Hierarchical Clustering

Tatev AslanyanFebruary 6, 2025About 7 min

Hierarchical Clustering 관련

Learn Clustering in Python – A Machine Learning Engineering Handbook

Want to learn how to discover and analyze the hidden patterns within your data? Clustering, an essential technique in Unsupervised Machine Learning, holds the key to discovering valuable insights that can revolutionize your understanding of complex d...

Learn Clustering in Python – A Machine Learning Engineering Handbook

Another popular clustering technique is Hierarchical Clustering. This is another unsupervised learning technique that helps us cluster observations into segments. But unlike of K-means, Hierarchical Clustering starts by treating each observation as a separate cluster.

Agglomerative vs. Divisive Clustering

There are two main types of hierarchical clustering: agglomerative and divisive.

Agglomerative clustering starts by assigning each data point to its own cluster. Then, it iteratively merges the most similar clusters based on a chosen distance metric until a single cluster containing all data points is formed.

This bottom-up approach creates a binary tree-like structure, also known as a dendrogram, where the height of each node represents the dissimilarity between the clusters being merged.

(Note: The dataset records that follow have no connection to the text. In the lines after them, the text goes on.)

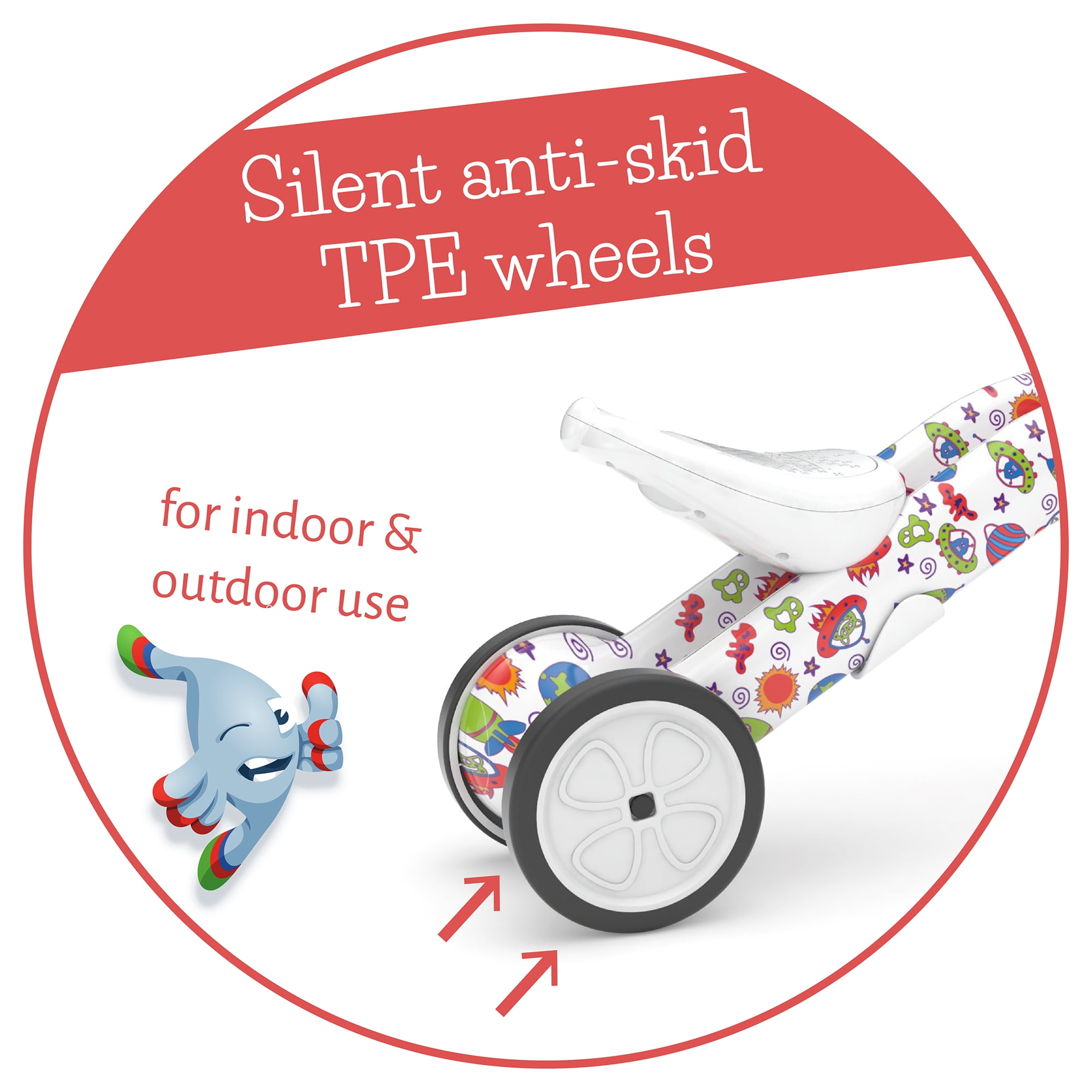 2-in-1 gradual balance bike and tricycle for kids from 1-3 years. Easily switch between 3-wheel tricycle mode and 2-wheel balance mode without tools, whenever you child is ready – the best way to teach your child balance at his/her own pace. The seat grows with your child (8,7 inch / 22 cm in 3-wheel mode to 10,2 inch / 26 cm in 2-wheel mode) to better support the new skills of your child. Silent and non-marking and anti-skid TPE synthetic rubber tires for both indoor and outdoor pleasure. Lightweight and easy to carry: thanks to a carry handle built into the back of the seat you can bring the Bunzi on all your child’s trips and adventures. Hidden storage box in the seat to bring along a toy or a snack for the ride. Made from high-quality ABS material to play longer. Comes fully assembled in the packaging, ready to ride.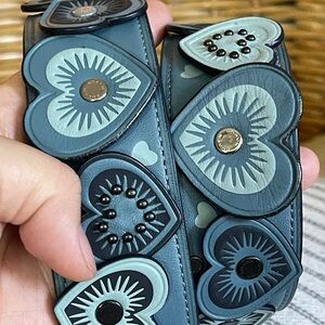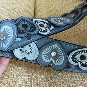 Coach Blue Leather heart appliques bagstrap with Gunmetal Hardware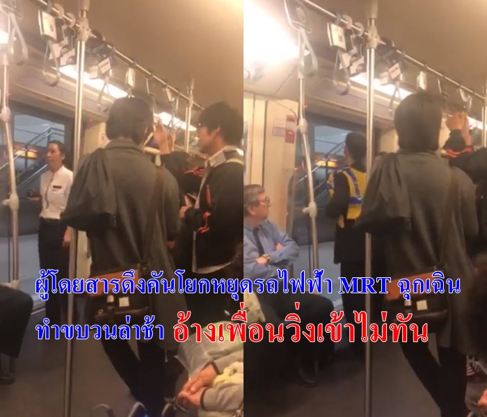 กทม. 22 ธ.ค.-แห่แชร์คลิปผู้โดยสารดึงคันโยกหยุดรถไฟฟ้า MRT ฉุกเฉิน ทำการเดินทางต้องล่าช้า อ้างเพื่อนวิ่งเข้าไม่ทัน ด้าน MRT โพสต์คลิปเผยการเข้าขบวนรถไฟไม่ทันไม่ใช่เหตุฉุกเฉิน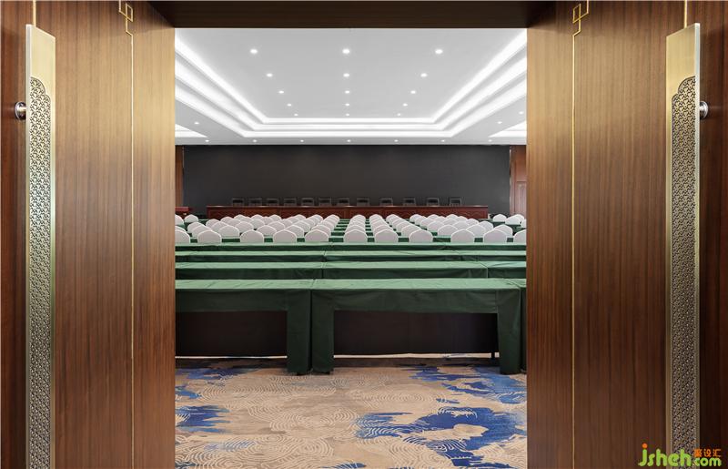 在軟裝中,除了常用的原木色中式辦公桌外,中式元素與現(xiàn)代材質(zhì)的巧妙兼柔,營造一種樸素典雅的會議氛圍。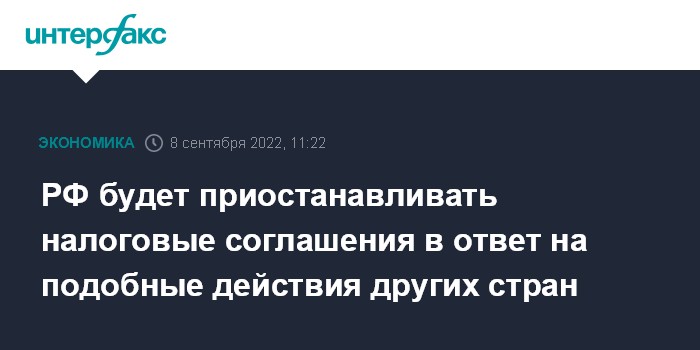 "Некоторые страны не хотят сотрудничать, приостанавливают действие соглашений об избежании двойного налогообложения с нами. Конечно, мы здесь тоже будем оперативно реагировать. Например, коллеги из Латвии приостановили действие соглашения. Чтобы в одностороннем порядке не предоставлять преференции по соглашению об избежании двойного налогообложения, мы также будем реагировать, оперативно будем приостанавливать соглашения, выходить с инициативами о денонсации соглашений", - сказал он.

On the other hand, divisive clustering begins with a single cluster containing all data points. It then recursively divides the cluster into smaller subclusters until each data point is in its own cluster. This top-down approach generates a dendrogram that provides insights into the hierarchy of clusters.

Distance Metrics for Hierarchical Clustering

To determine the similarity between clusters or data points, there are various distance metrics you can use. Commonly employed distance measures include Euclidean distance, Manhattan distance, and cosine similarity. These metrics quantify the dissimilarity or similarity between pairs of data points and guide the clustering process.

In this technique, initially each data point is considered as an individual cluster. At each iteration, the most similar or the least dissimilar clusters merge into one cluster and this process continues until there is only a single cluster. So, the algorithm repeatedly performs the following steps:

1: identify the two clusters that are closest together
2: merge the two most similar clusters.
Then it continues this iterative process until all the clusters are merged together.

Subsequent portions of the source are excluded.